[Collection entries]
────────────────

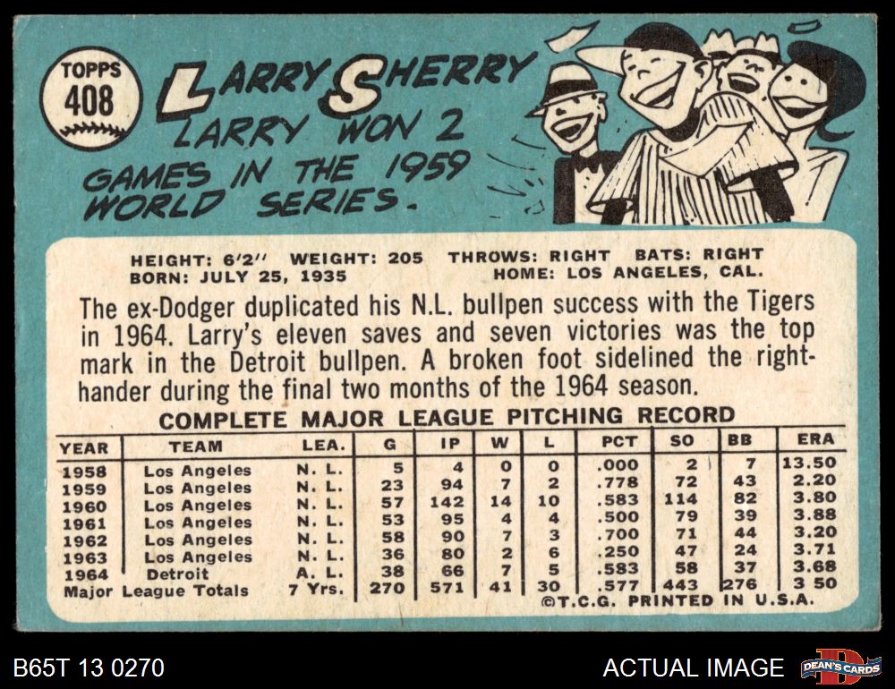 1965 Topps #408 Larry Sherry 4 - VG/EX
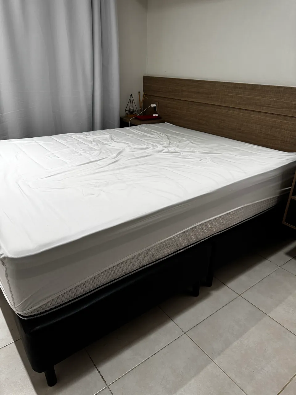 Cama box tamanho Queen, com colchão e base Ortobom Liberty com menos de 2 anos de uso, ainda na garantia por mais um ano.
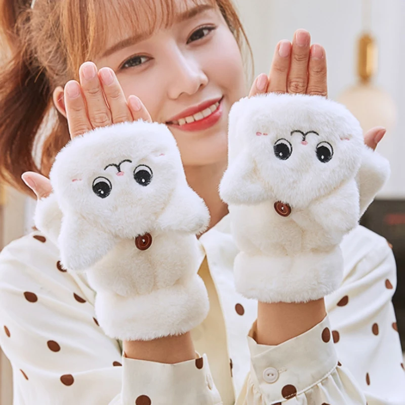 Женские Мультяшные милые зимние плотные теплые перчатки из кроличьего меха теплые перчатки без пальцев с запястьями перчатки варежки рождественские подарки для девочек
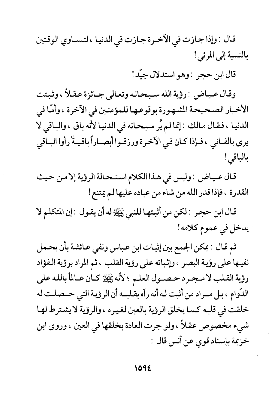 وقال عياض: رؤية الله سبحانه وتعالى جائزة عقلًا، وثبتت الأخبار الصحيحة المشهورة بوقوعها للمؤمنين في الآخرة، وأمّا في الدنيا، فقال مالك: إنما لم يُر سبحانه في الدنيا لأنه باق، والباقي لا يرى بالفاني، فإذا كان في الآخرة ورزقوا أبصارًا باقيةً رأوا الباقي بالباقي!
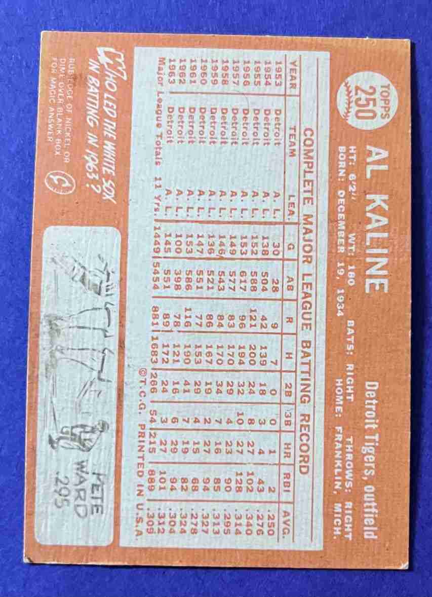 64 Topps AL KALINE #250 HOF!

────────────────

Task instructions =>
The response is to contain exactly the lines from the beginning of the data through the line containing "Cama box tamanho", both ends included, and nothing else; omit the pictures.

Answer space =>
 1965 Topps #408 Larry Sherry 4 - VG/EX
 Cama box tamanho Queen, com colchão e base Ortobom Liberty com menos de 2 anos de uso, ainda na garantia por mais um ano.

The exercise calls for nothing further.